Gather the following connection details from Redshift:

  • Endpoint: The endpoint of your Redshift cluster database

    Go to the Properties tab of your Redshift Cluster Details page.

    Under the Connection details section, copy the Endpoint up to but not including the colon (:).

  • Database Port: The default port number for Redshift is 5439.

    From your Redshift Cluster Details page, you can find the port number under the Database Configurations section of the Properties tab.

  • Username: The name of the dedicated read-only user for Bigeye.

  • User Password: The password of the user.

  • Database Name: The name of your Redshift database

    You can also find your Database Name under the Database Configurations section of the Properties tab.

5. Add Redshift as a data source in Bigeye

On the Catalog page, click Add source and then select Redshift from the Choose a data source section. Click Next to configure the connection to your database.

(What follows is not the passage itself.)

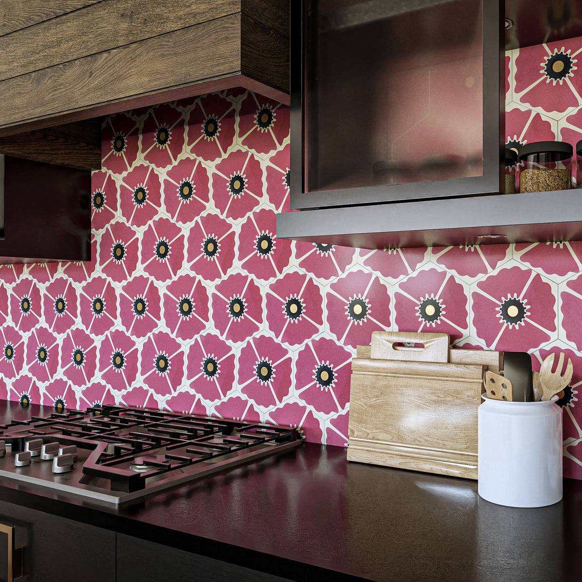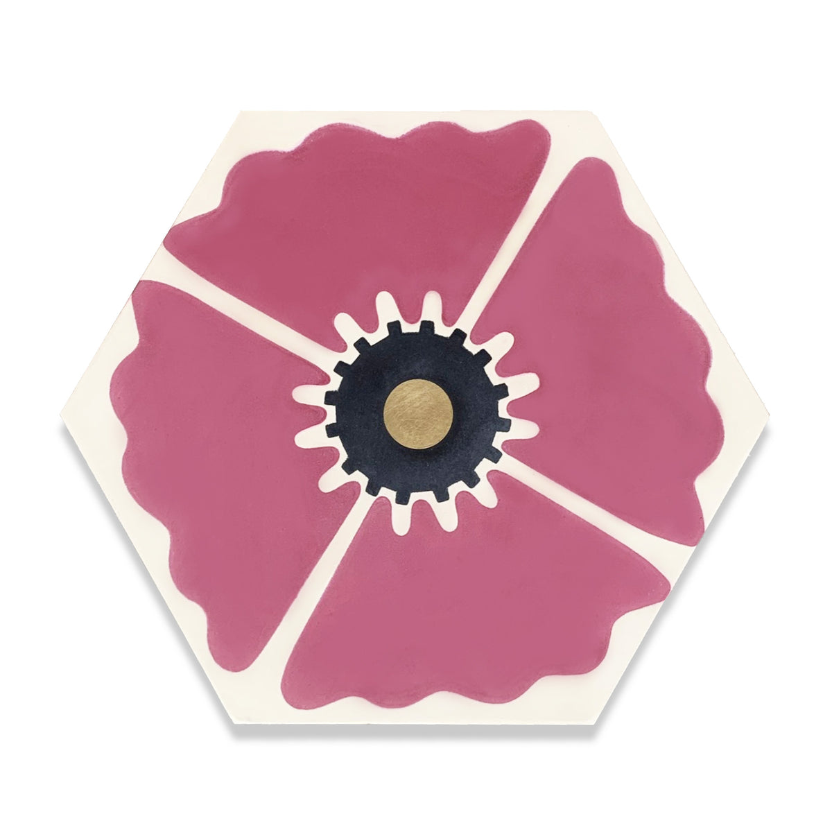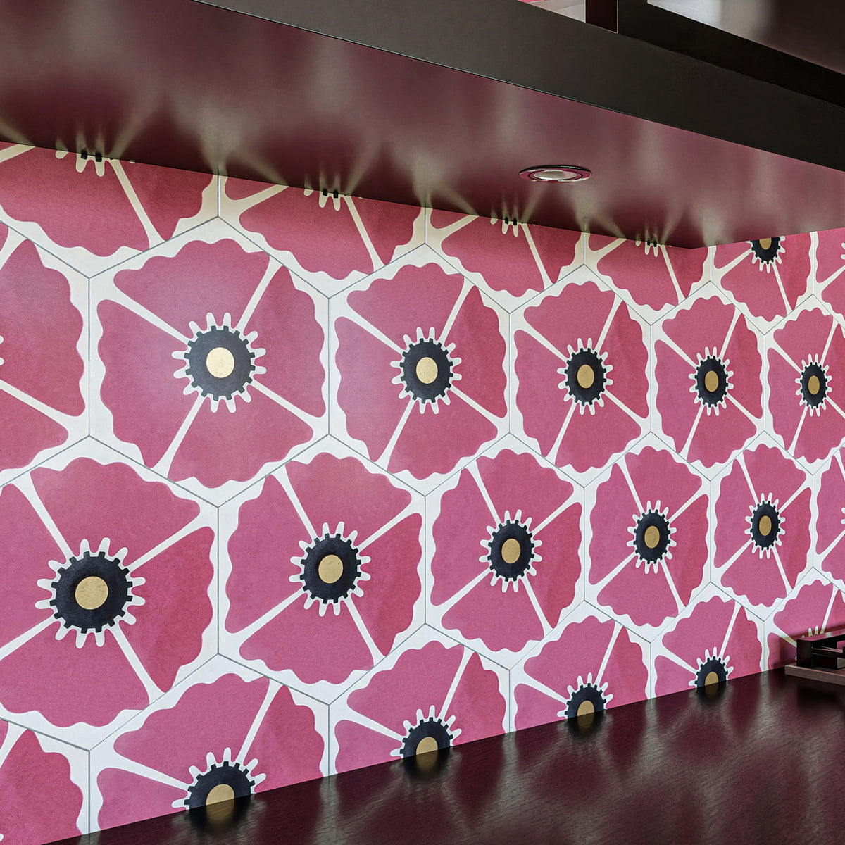The 8” x 9” Opi tile features a striking hexagonal design, with a bold pink flower radiating from a central black and gold accent. The clean, minimalist layout is enhanced by the rich color palette, making this tile an ideal choice for creating standout feature walls or floors. Designed by Hollis Callas.

On the Configure source modal that opens, enter the following details:

Field NameDescription
AliasThe string that displays your source name in the Bigeye Catalog.
VendorRedshift
HostThe endpoint from Step 3.
PortThe Redshift host port.
Database nameThe database name.
UsernameThe name of the dedicated user for Bigeye.
PasswordThe password of the Bigeye user.

6. Test connection

The system queries your warehouse to ensure the user you provided has the required permissions to read data and run all Bigeye metric types. If the test connection returns an error, return to Step 2: Create a user for Bigeye and verify that the user has all the required permissions in Redshift.

7. Add metrics

After the test connection is successful, you can deploy Metadata Metrics on your schemas. Bigeye recommends broad coverage of these metrics across your warehouse to detect the most common data quality issues.

Once you’ve added your source, Bigeye profiles your data to recommend autometrics. It can take up to 24 hours for this process to complete. Proceed to the Getting Started guide for the next steps.